Maryland missed a federal bench mark for distributing millions of dollars in emergency assistance to help tenants pay their rent, the Treasury Department told a U.S. senator, drawing a warning from the agency.
The department said in an Oct. 26 email to Sen. Chris Van Hollen that Maryland is among the states that could lose some of the funding because it failed to spend 30% of the money by Sept. 30.
“As you know, Maryland is one of the states that may be subject to reallocation because it is below the 30% expenditure ratio,” said the email, which was obtained by The Baltimore Sun.
Van Hollen and fellow Democratic Maryland senator Ben Cardin sent a letter on Friday to Kenneth Holt, secretary of the state Department of Housing & Community Development, urging the agency to speed up the disbursement of the money, which is intended to help renters avoid eviction during the pandemic.
The state needs to act quickly “to avoid having these funds revoked by the Treasury Department beginning on November 15th, leaving tens of thousands of vulnerable Marylanders needlessly at risk of losing their homes,” the letter said.
Many other states or territories have also not moved as quickly as Treasury had hoped. According to Treasury data, about three-fifths of the states joined Maryland in not meeting the initial timeline.
The Treasury Department has told states that they needed to have spent 30% — Maryland’s figure was between 25% and 30% — or have allocated at least 65% of the funds by the end of September. It said it would begin reallocating states’ unspent money in mid-November unless remedial action was taken.
Mike Ricci, a spokesman for Republican Gov. Larry Hogan, told The Sun: “The state is not at any risk of reallocation of funds, and it is false to claim otherwise.” He accused Van Hollen of not doing his “homework.”
The Treasury Department recently told states there are a few ways for states to avoid or mitigate losing funds, including submitting “program improvement” plans detailing their approaches. A Treasury spokesperson declined to respond Friday to questions from The Sun specifically about Maryland’s situation.
Ricci cited forecasts from the Department of Housing & Community Development to demonstrate the state’s progress.
“Based on the department’s projections, the October report will reflect that the state has more than exceeded Treasury’s targets,” Ricci said. “We have said all along that we are well on track to exceed those targets.”

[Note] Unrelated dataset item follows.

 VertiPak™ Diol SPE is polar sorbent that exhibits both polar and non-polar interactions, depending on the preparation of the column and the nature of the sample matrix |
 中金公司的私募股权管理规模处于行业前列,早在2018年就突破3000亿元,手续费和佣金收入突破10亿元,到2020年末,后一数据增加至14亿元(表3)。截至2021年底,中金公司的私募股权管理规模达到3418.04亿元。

Maryland launched its Emergency Rental Assistance Program in May 2020 with the help of $401 million in federal money approved for pandemic relief. About $143 million of that pot was divided among the state’s eight largest jurisdictions, including Baltimore City, while the remaining money was allocated to the Department of Housing & Community Development for statewide distribution.

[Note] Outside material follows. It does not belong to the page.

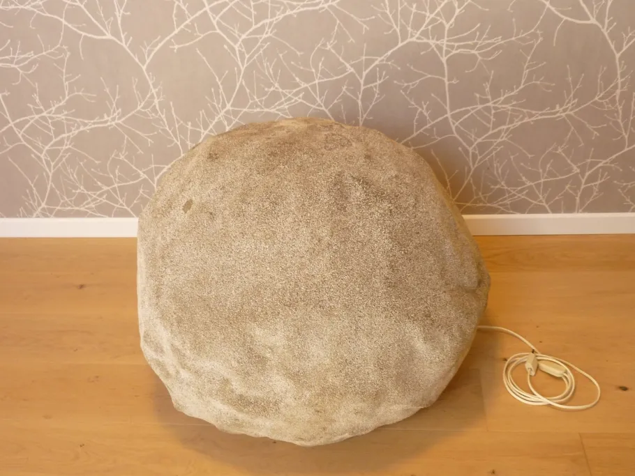 Fiberglass and sand for a very successful “stone” effect, which, placed individually or in groups, was a delight in the entrances of chic buildings in the 1970s.

The money was intended to help state residents at risk of losing their homes. State eviction protections expired on Aug. 15 and a federal eviction moratorium expired at the end of that same month.
In their letter, Van Hollen and Cardin noted that several surrounding jurisdictions, including Virginia, Pennsylvania and Washington, D.C., have spent larger portions of their funding than Maryland, “as have all local government grantees.”
The senators cited Anne Arundel County (74%), Baltimore City (85%), Frederick County (71%), and Prince George’s County (88%).
In August, Ricci chided local government officials, particularly Baltimore City, for their slow pace in distributing money.